Is there an example somewhere or can someone explain how to using Kinesis Analytics to construct real time sessions. (ie sessionization)
It is mentioned that this possible here: https://aws.amazon.com/blogs/aws/amazon-kinesis-analytics-process-streaming-data-in-real-time-with-sql/ in the discussion of custom windows but does not give an example.
Typically this is done in SQL using the LAG function so you can compute the time difference between consecutive rows. This post: https://blog.modeanalytics.com/finding-user-sessions-sql/ describes how to do it with conventional (non-streaming) SQL. However, I don't see support for the LAG function in Kinesis Analytics.

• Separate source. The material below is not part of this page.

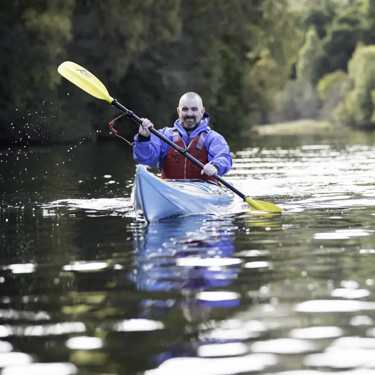 Paddelrem som gör att du inte tappar paddeln. Den ena änden fästes i kajaken och den andra i paddeln med kardborreband.

In particular I would love two examples. Assume that both take as input a stream consisting of a user_id and a timestamp. Define a session a sequence of events from the same user separated by less than 5 minutes
1) The first outputs a stream that has the additional columns event_count session_start_timestamp. Every time an event comes in this should output an event with these two additional columns.
2) The second example would be a stream that outputs a single event per session once the session has ended (ie 5 minutes have past with no data from a user). This event would have userId, start_timestamp, end_timestamp, and event_count
Is this possible with Kinesis Analytics?
Here is an example of doing this with Apache Spark: https://docs.cloud.databricks.com/docs/latest/databricks_guide/07%20Spark%20Streaming/Applications/01%20Sessionization.html
But I would love to do this with one (or two) Kinesis Analytics streams.